## Data segment
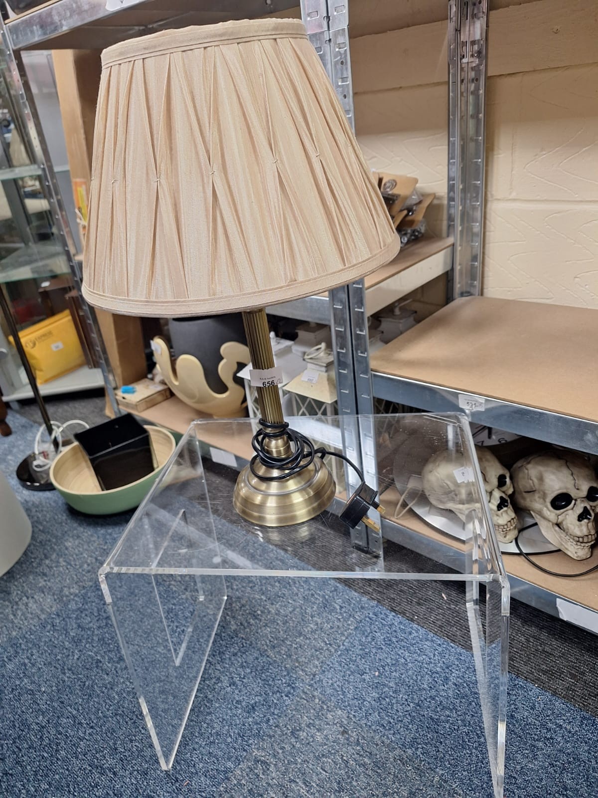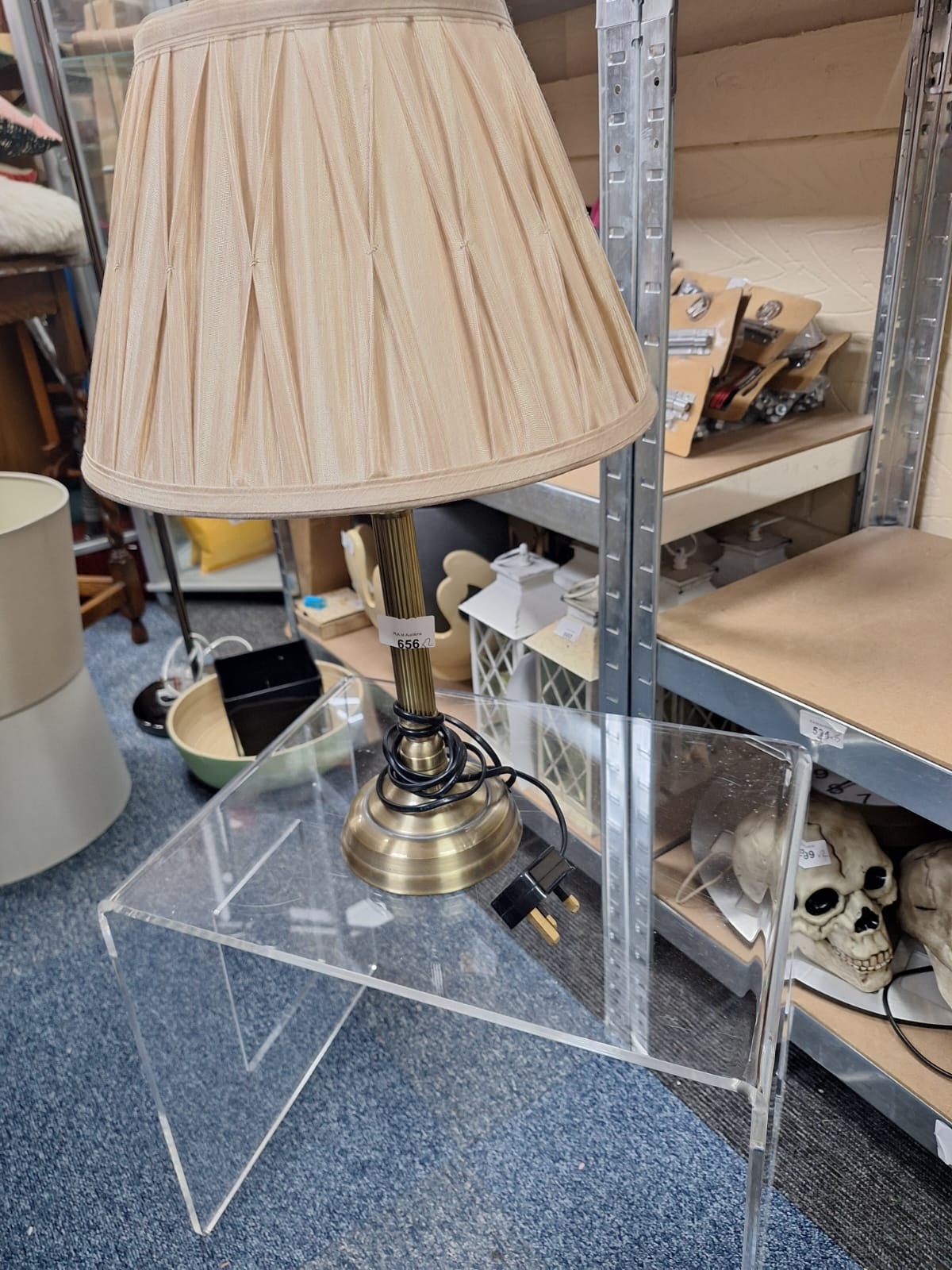 Pleated beige fabric shade table lamp with brass-colored metal base and UK plug, on a clear acrylic table.
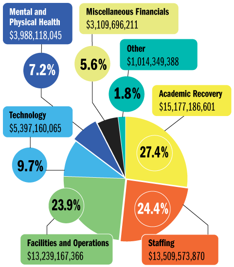“Districts were asked to categorize their spending, and so far it’s not been super conclusive if they are spending it on just one thing,” she says. “Obviously we are seeing hiring, we are seeing spending on instructional materials and on facilities, and things like improving HVAC systems.”
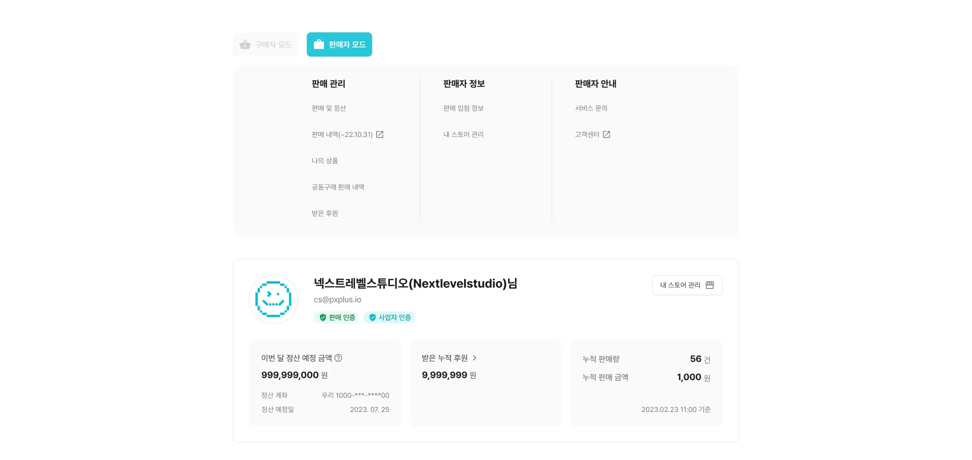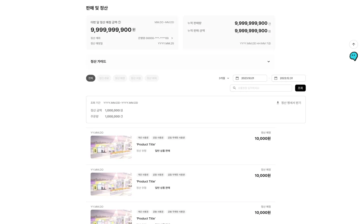 [마이 페이지] > [판매자 모드] > [판매 및 정산] 탭에서 정산 예정 금액을 확인할 수 있어요!

## To do
Please retype, exactly as they appear, the lines from the one with "were asked to" through the final line of the material, both included, and drop any pictures.

## Written response
“Districts were asked to categorize their spending, and so far it’s not been super conclusive if they are spending it on just one thing,” she says. “Obviously we are seeing hiring, we are seeing spending on instructional materials and on facilities, and things like improving HVAC systems.”
 [마이 페이지] > [판매자 모드] > [판매 및 정산] 탭에서 정산 예정 금액을 확인할 수 있어요!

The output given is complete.